From the line containing "秋冬新款羊毛围巾女冬季百搭红色保暖围脖新年礼物礼盒装服饰披肩" through the last line of the records below, output every line exactly as it appears, but leave out the pictures.

Dataset entries »
Start of Block

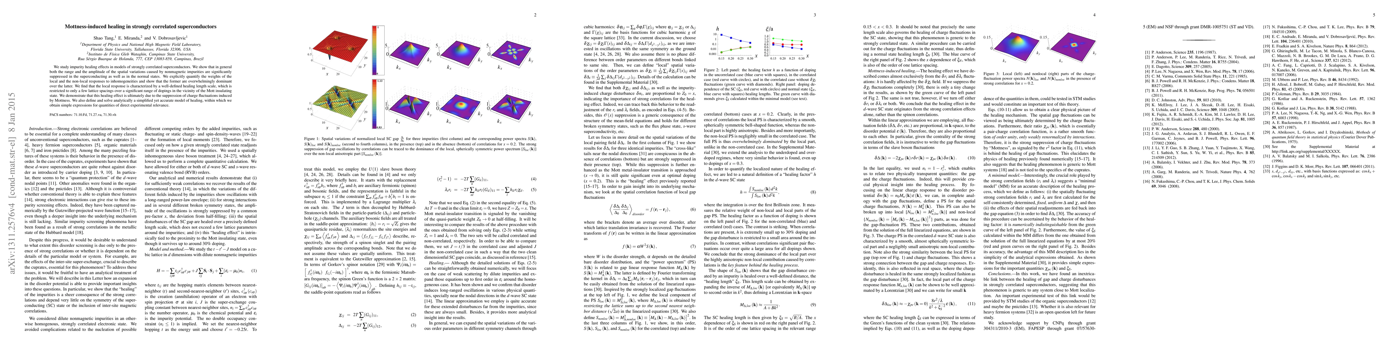 We study impurity healing effects in models of strongly correlated superconductors. We show that in general both the range and the amplitude of the spatial variations caused by nonmagnetic impurities are significantly suppressed in the superconducting as well as in the normal states. We explicitly quantify the weights of the local and the non-local responses to inhomogeneities and show that the former are overwhelmingly dominant over the latter. By quantifying the spatial range of the local response, we show that it is restricted to only a few lattice spacings over a significant range of dopings in the vicinity of the Mott insulating state. We demonstrate that this healing effect is ultimately due to the suppression of charge fluctuations induced by Mottness. We also define and solve analytically a simplified yet accurate model of healing, within which we obtain simple expressions for quantities of direct experimental relevance.
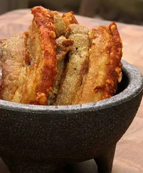 Chicharrón 300 g, carnudo, arroz, papa francesa, ensalada (tomate y lechuga), limón.
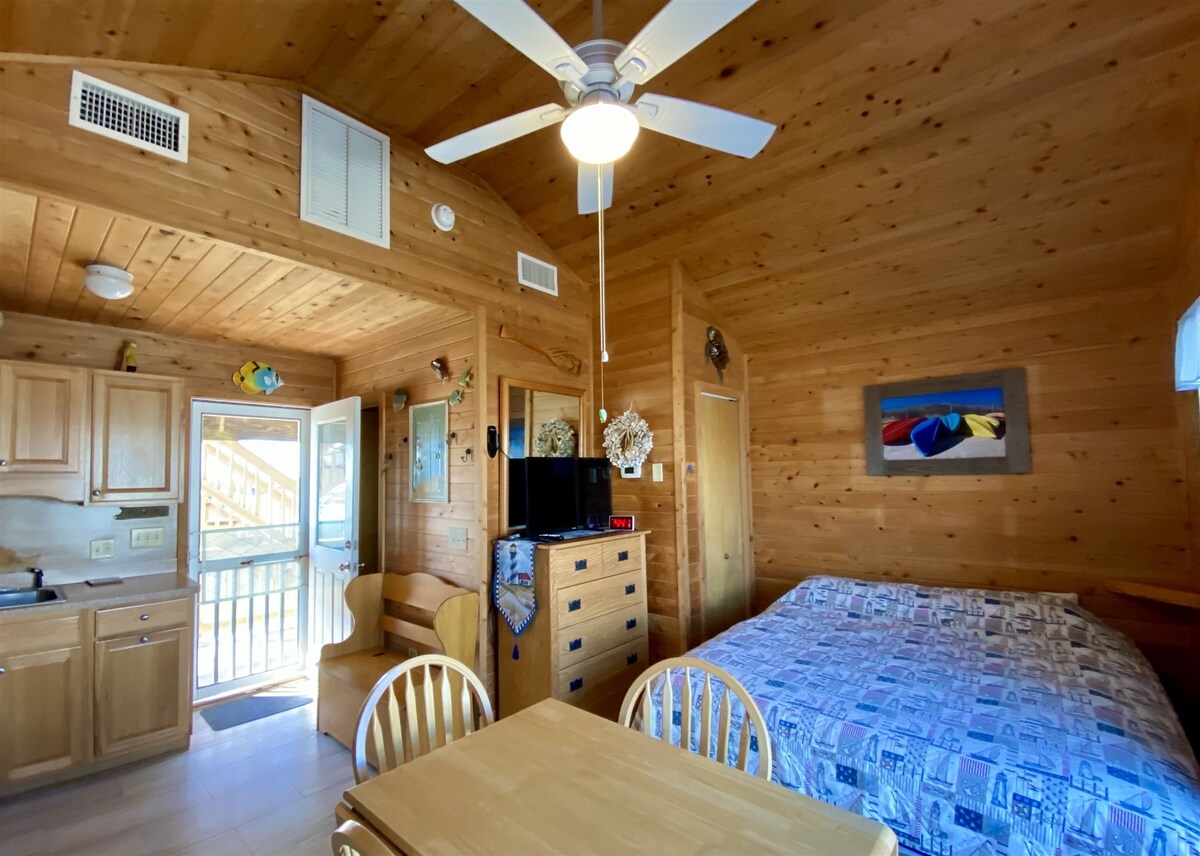 Take in the rustic, fairy tale vibe of this custom-made treehouse in the midst of towering white oaks. Recline in a rocking chair and watch the sunset over the mountains, or try your hand at some stargazing from the comfort of the deluxe double bed. Please be aware there are times when heavy winds will cause the treehouse to sway/creak as it is built solely in the trees. It is engineered for this movement.
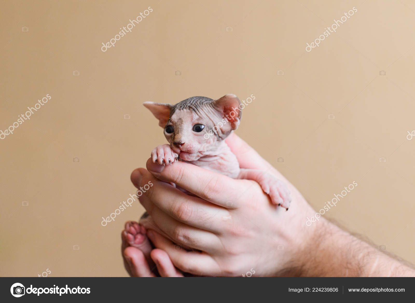 A Newborn Kitten Of The Canadian Sphynx Male Hands
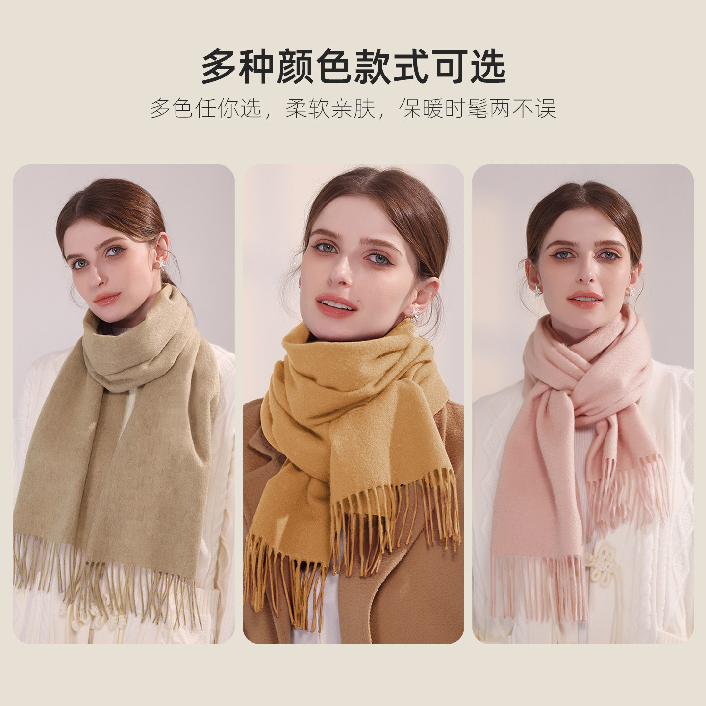 秋冬新款羊毛围巾女冬季百搭红色保暖围脖新年礼物礼盒装服饰披肩
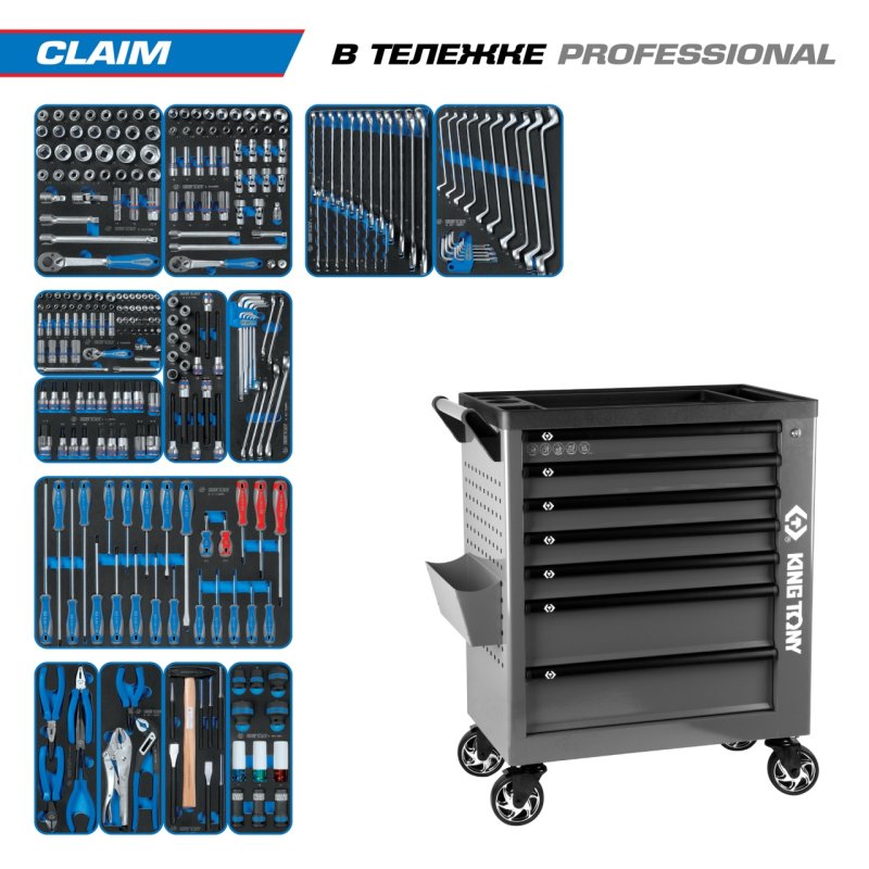 Набор инструментов 286 предметов, "CLAIM", в серой тележке KING TONY 9G38-286MRVG купить в Нижнем Новгороде цена ✅ - Все для СТО

End of Block

Output of the task »
 秋冬新款羊毛围巾女冬季百搭红色保暖围脖新年礼物礼盒装服饰披肩
 Набор инструментов 286 предметов, "CLAIM", в серой тележке KING TONY 9G38-286MRVG купить в Нижнем Новгороде цена ✅ - Все для СТО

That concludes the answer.